RETURNING TO THE CITY, BEN-CANAAN POINTS OUT some of the villas built by Harbin’s Jewish millionaires, this one turned into a Mao Zedong Museum, that one a rest home for Communist Party bigwigs. We walk around the huge former Jewish school, and nearby Ben-Canaan shows me the former Jewish hospital, welfare agency, pharmacy, bank, watchmaker shop, insurance office, cinema, restaurant, on and on. Nearby courtyards conceal modest and sunless apartments that oddly recall Jerusalem’s ultra-orthodox Me’a She’arim neighborhood. But the main thoroughfares boast gorgeously designed and decorated buildings that would not be out of place in Prague or Paris. Once again I’m staggered by the footprints of a Jewish community that suddenly thrived and just as suddenly evaporated.

Now it’s time for the museum, currently housed in the former New Synagogue. The Museum of the History and Culture of Harbin Jews (admission 25 yuan, about $3.50) is at 162 Jingwei Street, just off Harbin’s central pedestrian mall and a block from the Holiday Inn. The exhibition is in the largest synagogue, or former synagogue, in China and, following its renovation in 2004 by the municipality, the edifice remains a handsome and well-maintained affair with a soaring dome and colonnade. Its three floors of exhibits are well presented.

But although Ben-Canaan participated in the planning and cataloging and says he supplied about 80 percent of the museum’s photographs, he has his quibbles. One, he says, is an overemphasis on the Betar movement at the expense of Hashomer Hatzair, which he attributes to the influence of the Olmert family and of Teddy Kaufman of the Landsmannschaft group in Israel (such political carping is characteristically Israeli). Another complaint is the repeated theme of Harbin as a glorious welcoming refuge for Jews, which the historian attributes to the Chinese Communist Party. “You must understand,” he mutters, “everything here is done for propaganda purposes. Everything in China is political.”

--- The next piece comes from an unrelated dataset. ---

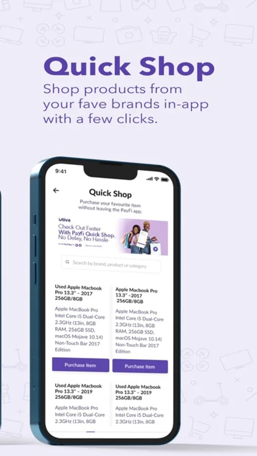 - Save time by browsing and shopping via the Payfi Quickshop directly from your mobile device.

Still, the exhibits are lavish, from the reconstruction of Jewish cemetery plots, complete with what appear to be real birch trees, to the recreations of Jewish households in Harbin’s past. Yet the pure-white mannequins in these tableaus – a businessman at his desk, a mother and child at a piano lesson, children playing with blocks – are spectral and spooky and serve to reinforce the melancholy I can’t shake in Harbin. The only other museum patrons who appear during my visit are two Chinese teenagers who are touring the city and “just happened to wander in.”

Ben-Canaan and I finish the day with a visit to his Sino-Israel Research and Study Center at Harbin’s Heilongjiang University. The university is a virtual city within a city, with 70,000 students and about half that number again in faculty, staff and service personnel. Begun in the 1940s, the campus was built in the Stalinesque style of the university that perches up in the Moscow Hills. Heilongjiang University does have some sparkling new buildings, but the endless avenues of rather shabby student housing blocs are depressing. Ben-Canaan’s offices are on the fifth floor of a nine-story Soviet-style building with no elevator and with the Office of Party Discipline just down the hall. “Every university department has one,” Ben-Canaan says in reply to my query.

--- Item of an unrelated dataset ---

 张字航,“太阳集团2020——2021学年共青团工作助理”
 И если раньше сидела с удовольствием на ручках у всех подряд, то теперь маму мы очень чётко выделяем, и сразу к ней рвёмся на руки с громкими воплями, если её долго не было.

In his office, Ben-Canaan introduces me to several of his students and research assistants, who among other things handle inquiries from Jews around the world seeking information about possible Harbin connections. He also discusses Jewish Harbin projects he is carrying out with scholars in Toronto and Heidelberg and the colloquia he sponsored with scholars from Bar-Ilan University and the Hebrew University. Lastly, Ben-Canaan shows me samples of the correspondence and documentation he constantly receives in the mail.

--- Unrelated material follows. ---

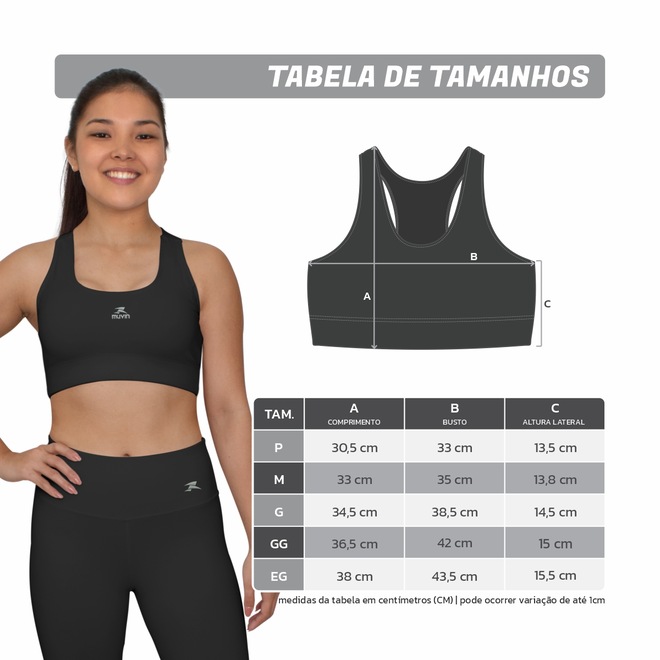 Também possui boa respirabililidade e toque suave, que evita assaduras e não machuca a pele. Com uma modelagem simples, porém bastante eficiente, o top não possui recortes e costuras em demasia, evitando assim atrito desnecessário com a pele. A peça também é produziada com costuras reforçadas e ótimo acabamento, garantindo maior durabilidade, resistindo a diversas lavagem.

“People everywhere,” he says with weary happiness, “in the US, in Australia, in Israel, are forever coming up with old diaries and letters and memoirs written by relatives who lived in Harbin. They’re in Yiddish or Russian or some other language. People don’t know what to do with them. But fortunately they’ve learned to send them to me. I think they’re absolute treasures.

“The documentation grows. The facts get filled in. The history gets written.”

The history of a short-lived, far-flung Jewish community – writ in water.